В ванной долго стоял перед зеркалом, и руки его затряслись.
Женя листал зыкинскую диссертацию.
- Это что за ахинея? - поинтересовался он.
- Да вот, - Сухоруков замялся, - отзыв писать надо.
- Зачем? Таких слов и писать нельзя.
- Шеф попросил, - брякнул Сухоруков.
- Шеф? - удивился Женя.
- Ну да... - Сухоруков потоптался и стал мыть посуду.
- Какой шеф? - напряженно проговорил Женя.
Остатки засахарившегося варенья не растворялись; открыл воду
погорячей.
- Сейчас... - (вазочка сверкала). Мысленно он не раз вел предстоящий
разговор, да мало толку.
- Понимаешь ли... - убрал вазочку на буфет. Подумал, что Женя на его
месте обязательно постарался бы уронить ее, разбить якобы нечаянно -
подобает при волнении. И это вызвало в нем чувство отеческого
превосходства.
- Шеф - заведующий кафедрой русской филологии.
- А...
- Я... я работаю на этой кафедре.
- Та-ак, - словно взводимый курок.
Тарелка выскользнула-таки из рук и треснула.
- Вы женаты?
- Да.
- На ком?
Голос Сухорукова отделился от него, звучал вне его.
- В общем...
Женя... Жизнь уходила из черт его лица.
- Ты думал, наверное... (почему 'наверное'? - мелькнуло) конечно, что
я... Ты ее не знаешь.
- ...
- Я... обыкновенный человек. Нормальный. Н-не знаменитость. Не
писатель. И все такое...
Сухоруков закурил в тишине.
- НЕТ!!.
Грохот черных сапог.
Дым пожарищ.
Втоптанные в пепелища яблоневые лепестки.

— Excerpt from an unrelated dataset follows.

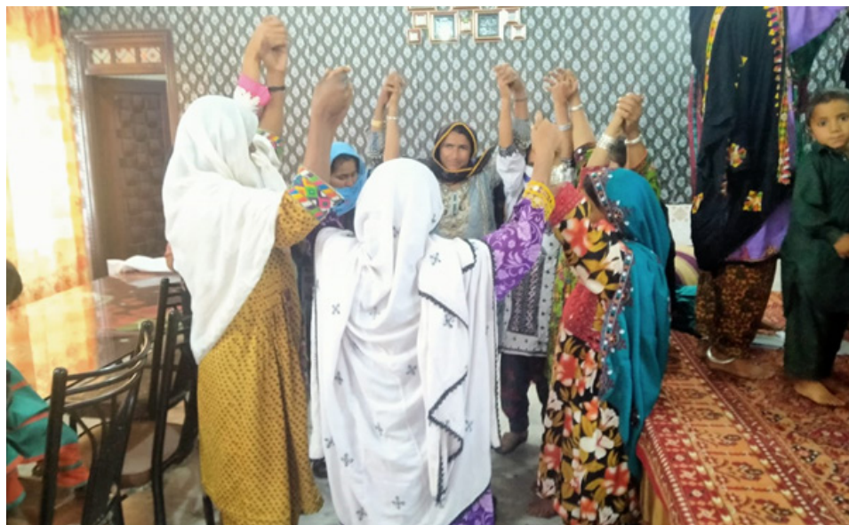
Participatory group works, Women Leadership and Negotiation Skills training for women Union Council level Disaster Management Committees members in Kashmore, Sindh, Pakistan.

In order to achieve the aim of gender equality, the activities should be agile and adaptable to changes in context so that there is no discontinuity in the process. For instance, a webinar series on 'Equity-based approaches to an effective and accountable COVID-19 response' was organized to highlight the differential impacts of COVID-19 on men and women. The first webinar in the series was broadly focused

Задыхаясь, умирать под дождем.
- Зачем ты пришел?
- Должен ведь я был когда-нибудь прийти.
Не возразишь...
- И должен ведь я когда-нибудь уйти, - тихо пошел Женя в прихожую.

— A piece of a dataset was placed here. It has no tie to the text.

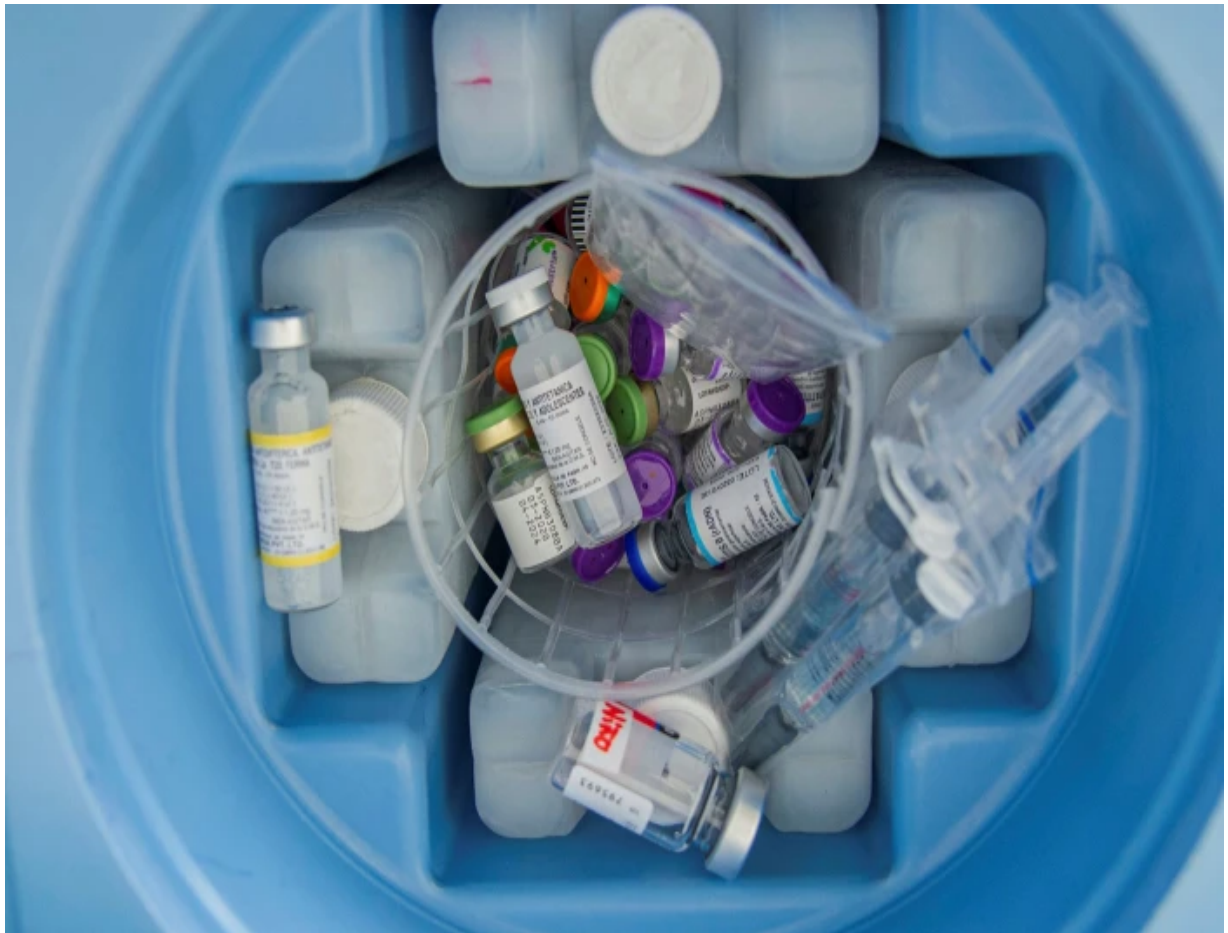
Future mRNA vaccines may be able to treat Covid-19, flu and respiratory syncytial virus in one jab

Pfizer’s flu jab is its only other mRNA collaboration with BioNTech so far. “I think we are capable of going alone for everything but that doesn’t necessarily mean that’s what we’ll choose to do,” says Dormitzer. The company has yet to reveal which other areas it plans to target with mRNA but Dormitzer says rare diseases, protein replacement and gene editing “are all of interest”.

Посмотрел непонимающе на снятые тапочки и обул свои разбитые башмаки.
- Погоди... - Сухоруков тянулся вслед за своими пальцами к его плечу.
- Погоди, - не решался коснуться. Знал: если Женя уйдет сейчас так - он
теряет его навсегда. - Нам надо поговорить.
- Поговорили. Вполне...
- Я должен многое сказать тебе. Объяснить... Это тебе же надо. Тебе.
- Нет, - сказал Женя. - Мне не надо.
- Я прошу тебя, - прошептал Сухоруков. - Десять минут. Пожалуйста. По
сигарете только выкурим. Да не разувайся ты.
Сели в кухне, не глядя друг на друга.
- Пить я не буду. - Женя отодвинул рюмку. Сухоруков выпил один.
Произнес заготовленную фразу:
- Понимаешь ли, Флобер писал когда-то молодому Мопассану: 'Ничто в
жизни не бывает ни так хорошо, ни так плохо, как люди обычно себе
воображают'. (Произнеся, ощутил некое сравнение, не в свою пользу.)
- Так вам хорошо - или плохо? Или - средне? нормально?
- А знаешь, - взвесив (в который раз), честно сказал Сухоруков, -
пожалуй - хорошо.
- И давно вам так... хорошо?..
- Позволь тебе задать, - Сухоруков чувствовал себя в положении
шахматиста, навязывающего партнеру заранее подготовленный вариант, -
позволь тебе задать банальнейший вопрос: по-твоему, что такое хорошая
жизнь? А?
Ноль размышлений:
- Уметь хотеть. Знать, чего хочешь. Добиваться этого.
Остальное - шлак.
Твердо сказал. Ой как твердо. (Мало бит).
- Да-да, конечно-конечно, - хотеть, добиваться... А как насчет
соизмерения желаний с возможностями?
- Сделай - или сдохни, - говорили вроде англичане.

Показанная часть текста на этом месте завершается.